Exercise :: The expected output is an exact copy of the lines from the one containing "Halspand i roséguld" to the final line below, minus any pictures.

Input data ::

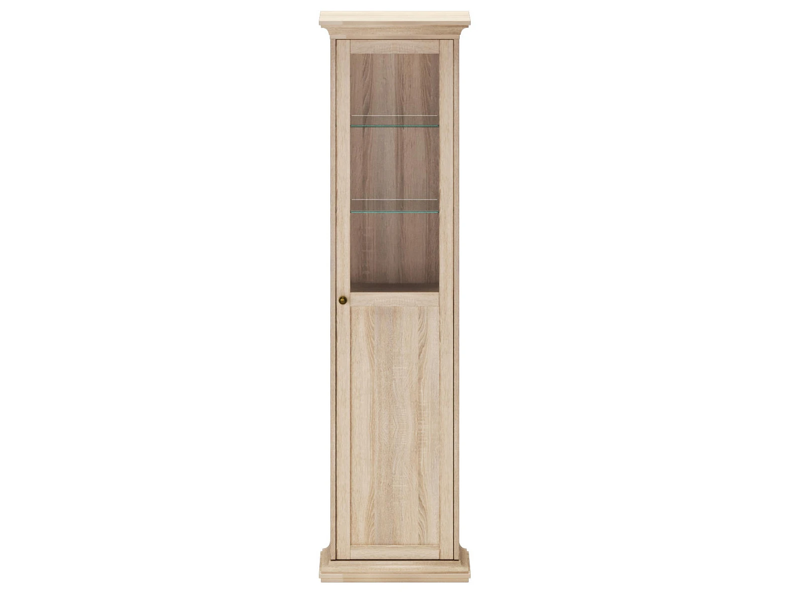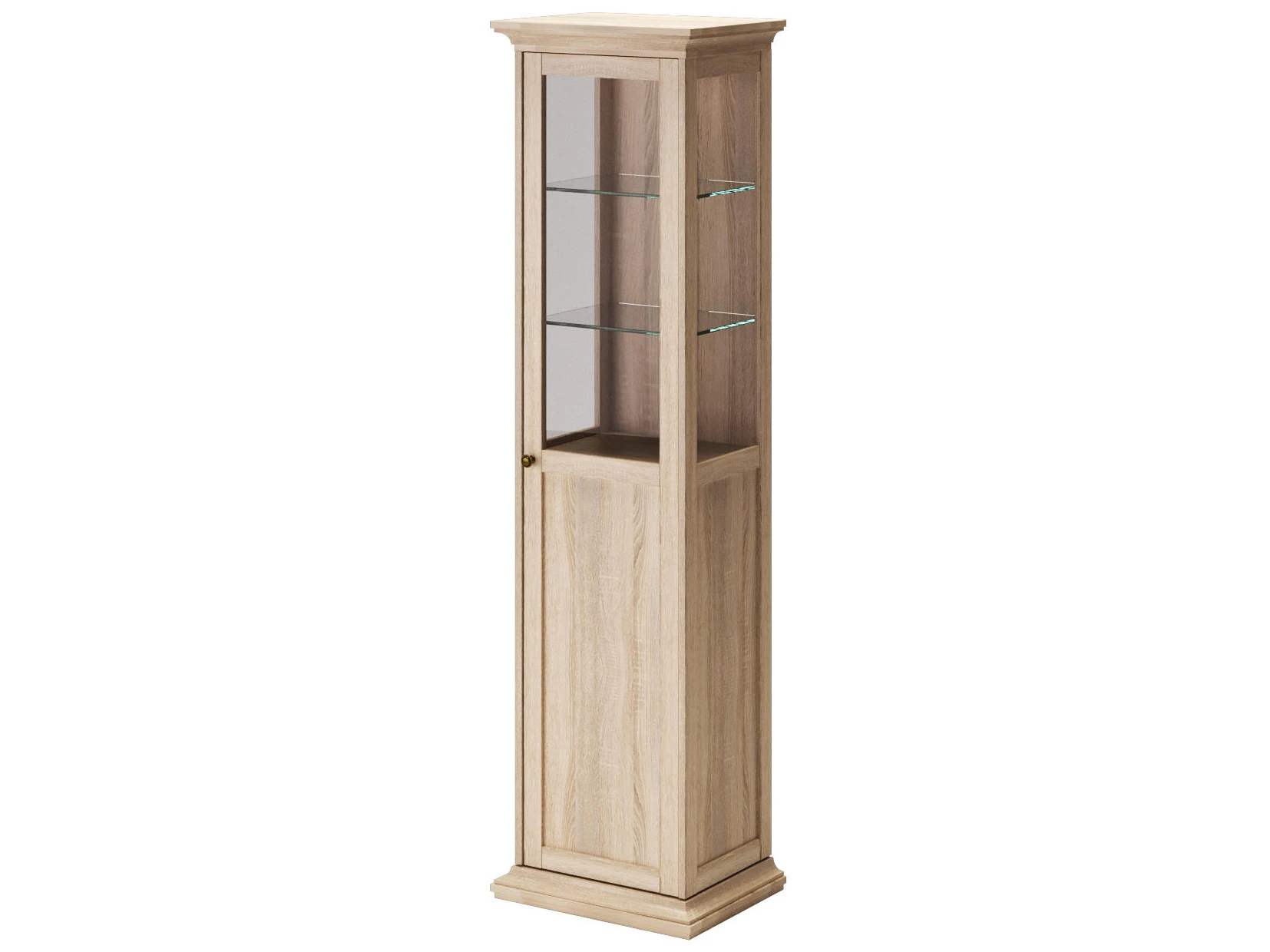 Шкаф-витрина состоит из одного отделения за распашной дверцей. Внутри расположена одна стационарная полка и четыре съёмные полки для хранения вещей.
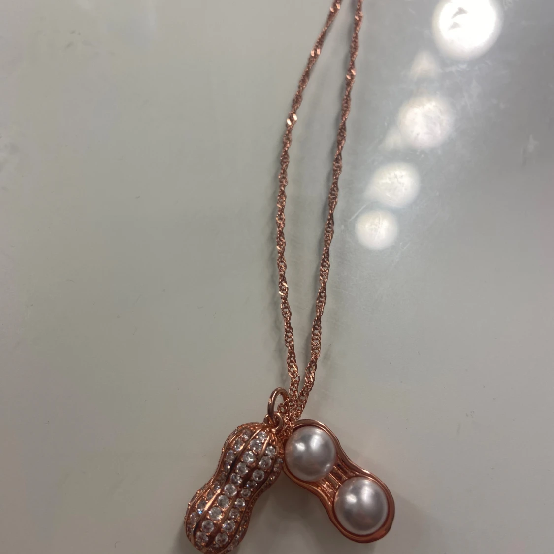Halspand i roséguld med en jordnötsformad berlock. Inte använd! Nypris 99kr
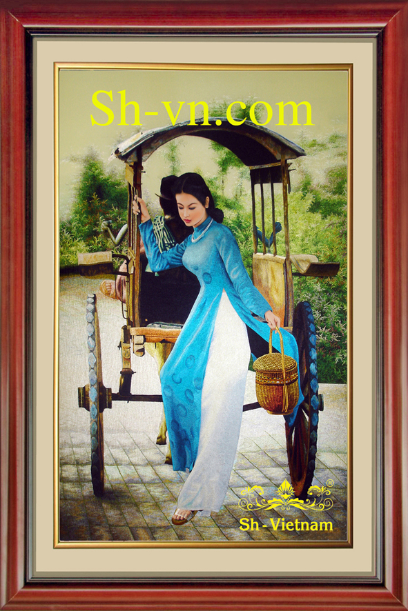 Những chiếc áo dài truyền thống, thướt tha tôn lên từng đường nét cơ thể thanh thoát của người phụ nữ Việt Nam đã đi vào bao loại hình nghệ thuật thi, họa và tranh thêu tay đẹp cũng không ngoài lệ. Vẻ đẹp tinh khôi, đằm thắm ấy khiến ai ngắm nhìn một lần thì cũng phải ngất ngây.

The completed task ::
Halspand i roséguld med en jordnötsformad berlock. Inte använd! Nypris 99kr
 Những chiếc áo dài truyền thống, thướt tha tôn lên từng đường nét cơ thể thanh thoát của người phụ nữ Việt Nam đã đi vào bao loại hình nghệ thuật thi, họa và tranh thêu tay đẹp cũng không ngoài lệ. Vẻ đẹp tinh khôi, đằm thắm ấy khiến ai ngắm nhìn một lần thì cũng phải ngất ngây.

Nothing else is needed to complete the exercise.